Net income to non-controlling interest. Net income to non-controlling interest was $1.2 million for the three months ended September 30, 2011, which was the same amount for the three months ended September 30, 2010.

Net Loss and Net Loss Per Share

Net Income/Loss and Net Income/Loss Per Share—Three Months Ended September 30, 2011 Compared to Three Months Ended September 30, 2010. For the three months ended September 30, 2011 we reported a net loss applicable to common shareholders of $68.9 million and for the three months ended September 30, 2010, we reported net income applicable to common shareholders of $2.2 million. Net loss per basic and fully diluted share was $1.21 for the third quarter of 2011 compared to net income per basic and fully diluted share of $0.08 for the third quarter of 2010. Weighted average-basic shares outstanding increased by 28,585,652 shares from 28,256,684 shares in the third quarter of 2010 to 56,842,336 shares in the third quarter of 2011. There were no dilutive shares for the three months ended September 30, 2011, since the Company was in a loss position and all dilutive shares would have been antidilutive. There were 11,097 dilutive shares for the three months ended September 30, 2010, related to the dilutive effect of our outstanding restricted stock and stock options.

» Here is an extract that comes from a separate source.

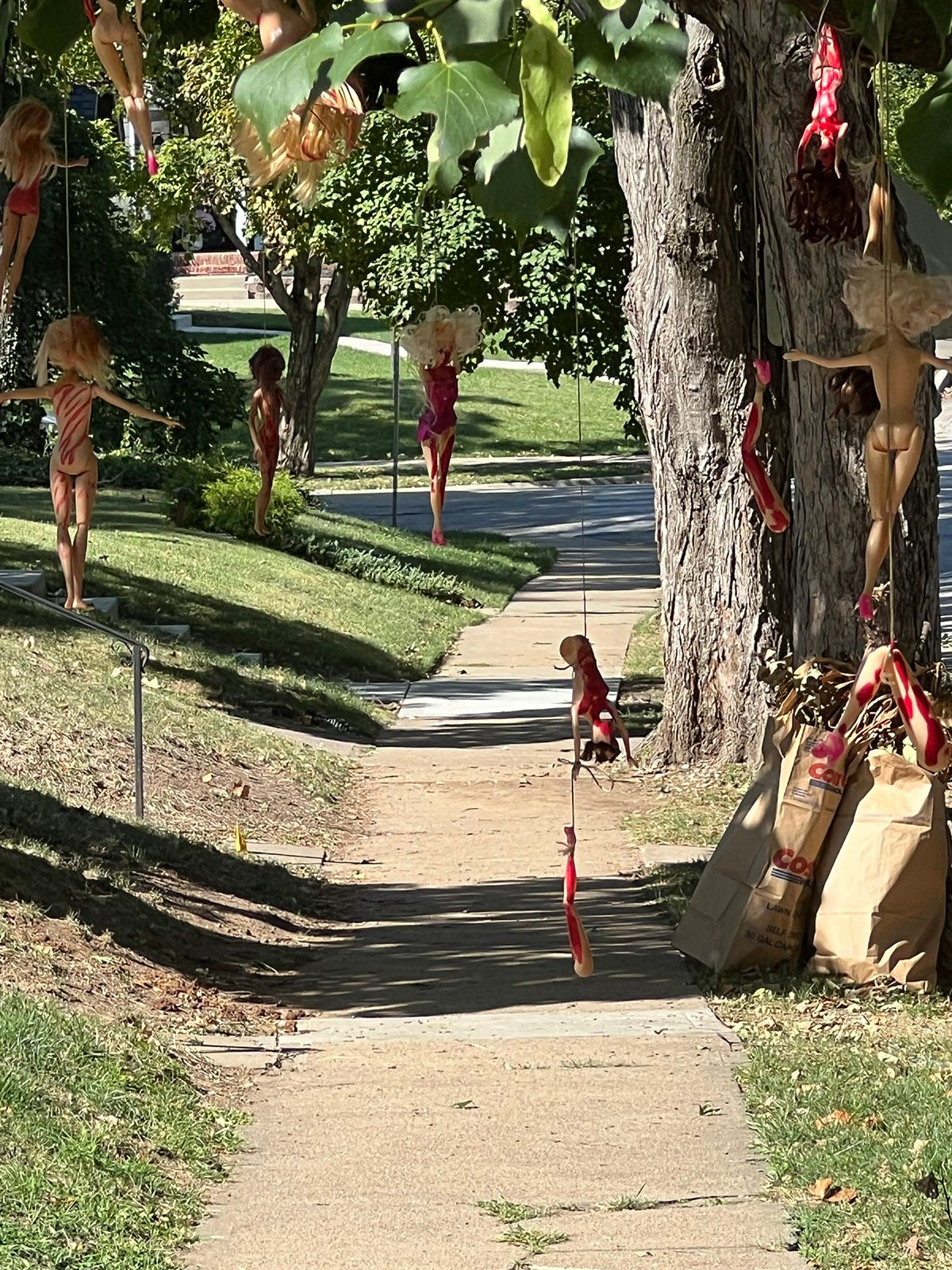 My neighbor across the street hangs a bunch of dead Barbie’s from her tree every year in October for Halloween. It’s unsettling, it’s not my personal favorite thing, but she loves doing it. You do you. We also live a block down from an elementary school and the parents walk their kids past her house. The kids LOVE these dead dolls, their faces light up but it’s clear their parents don’t feel the same way.

Capital Resources and Liquidity

Our business is capital intensive. Our ability to grow our reserve base is dependent upon our ability to obtain outside capital and generate cash flows from operating activities to fund our drilling and capital expenditures. Our cash flows from operating activities are substantially dependent upon crude oil and natural gas prices, and significant decreases in market prices of crude oil or natural gas could result in reductions of cash flow and affect our drilling and capital expenditure plan. To mitigate a portion of our exposure to fluctuations in natural gas prices, we have entered into natural gas swaps, three-way collars and put spreads.

As of September 30, 2011, we had cash and cash equivalents of $3.2 million and $29.7 million undrawn on our borrowing base of $60.0 million as of September 30, 2011. Through the period ended September 30, 2011, we have funded our operating expenses and capital expenditures through positive operating cash flows, as well as from $105.3 million raised from the issuance of 22,173,518 shares of our common stock in February 2011, $25.8 million raised from the issuance of 1,135,565 shares of our 9.25% Series B Cumulative Preferred Stock preferred shares and $193.7 million, net of original issue discount, raised from the issuance of our 11.375% senior notes. The outstanding balance of our bank credit facility at the time of the offerings of $110 million was fully repaid, and we completed a $50 million tender offer for a portion of our 5.00% convertible notes. The remaining proceeds from the offerings were used to fund the Niobrara and Bakken acreage acquisitions and other capital expenditures.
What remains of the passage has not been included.